Somewhere to call home

In Sports /

For the last two semesters, Ryerson’s cricket team has packed Kerr Hall’s Upper Gym to practice regularly. But now, the only sound that’s coming from their old athletic space is the bounce of basketballs. Their gym time is gone. They lost their place.

“It’s sad to see (the equipment) sit there in the storage room and collect dust, but we’ve given them all these avenues,” Randy Pipher, the intramural co-ordinator at Sports and Recreation. “From what I hear, there’s a huge outpouring of cricket interest among the campus and community, but when it comes to setting something organized, the interest falls off.”

While Ryerson’s campus is full of diversity, the platter of available athletic programs is not. And now with Maple Leaf Gardens slated to open in March 2011, Ryerson sports have a chance to be reborn.

But Ivan Joseph, the director of athletics, said the problem does not lie with the university.

“Who would you play? You’d need other universities to compete against and that’s the problem,” he said. “You have to look at how many athletic directors out there have an international background. The universities are generally traditional in what they offer and stick to what they know.”

A survey authorized by the Association for Canadian Studies found 28 per cent of respondents believe soccer will overtake hockey as the No. 1 sport in Canada. The results of the survey show how the Canadian sporting mindset is shifting towards an international flavor.
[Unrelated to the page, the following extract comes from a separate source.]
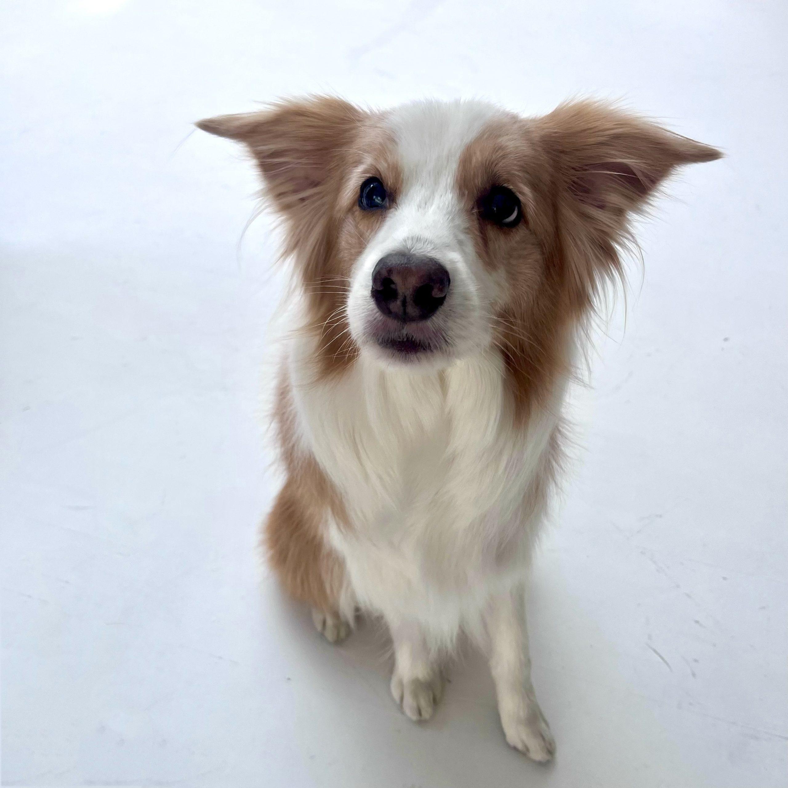 人間が大好きなはなちゃんは、スタジオに入るとしっぽを大きく振り、楽しげな様子。最初は正門さんの姿を見つけてもスルーし、スタジオ内をダッシュで駆け巡るほどの天真爛漫さを発揮していました。その後、正門さんがおやつを片手に「はな、おやつだよ〜」と優しく呼びかけると少し落ち着きを取り戻し、仲良く撮影タイム。でもはなちゃん、距離が近づいたと思ったらふいっと急にどこかへ行ってしまう気分屋っぷり(笑)。そんなはなちゃんにもめげず、ニコニコした様子で優しく名前を呼びながら、1枚1枚一生懸命シャッターを切る正門さんの様子が印象的でした。

After failing to organize cricket at the intramural level, Sports and Recreation purchased an indoor cricket mat, wickets and bats for recreational play. Cricket players have flocked to Kerr Hall Upper Gym the past two semesters, but practices were cancelled for the winter session. Faisal Hussain was the cricket co-ordinator for Ryerson last year as they hosted the school’s first-ever tournament. But after he left the post, he watched the sport die — along with players’ interest.
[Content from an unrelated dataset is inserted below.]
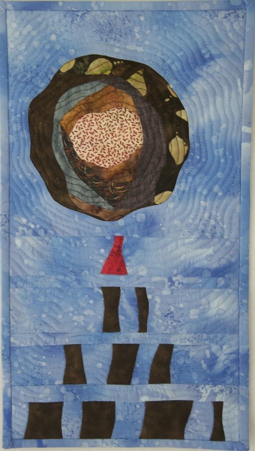 | Design Source - Description | A continuation of my exploration of the point, defined by Kadinsky as "the unknown absolute" this quilt was inspired by a swirl of hair in my dog's coat. |

“We got lazy. We don’t practice anymore. People couldn’t meet at the practice hours which used to be on Mondays and Fridays. Cricket was squeezed out by Sports and Rec and now they’ve given our time to basketball,” he said.

In September, the rugby club shut down after three years of dogged promotion across campus. It was the brainchild of former manager Ryan Stratton, now a Ryerson graduate. He was unable to round up players who simply won’t commit. “Everyone has to be enthusiastic and get to pub nights so people know that [the rugby club] actually exists,” he said.

“That’s on us. We could have gotten more numbers and have a larger commitment from the players.”

He blamed Sports and Recreation for its lack of communication with potential rugby players. But according to Pipher, the department’s job starts and ends at helping to manage a budget, designating gym space and other paperwork.

“We gave rugby as much of a chance as any other club,” said Pipher.

“Obviously, there were a lot of issues over fields and the number of people actually showing up. For rugby, no one showed up other than the six or seven people who paid [the small membership fee].”

But there is still hope. Ontario University Athletics is looking at a new tier model which would offer one-off championship tournaments for fringe sports like cricket and could help emerging clubs.

“There are several schools in the GTA that play cricket. Instead of having a league, there could be a cricket tournament,” Joseph said. “All of a sudden you have an OUA sport. I think that will change what sports are offered.”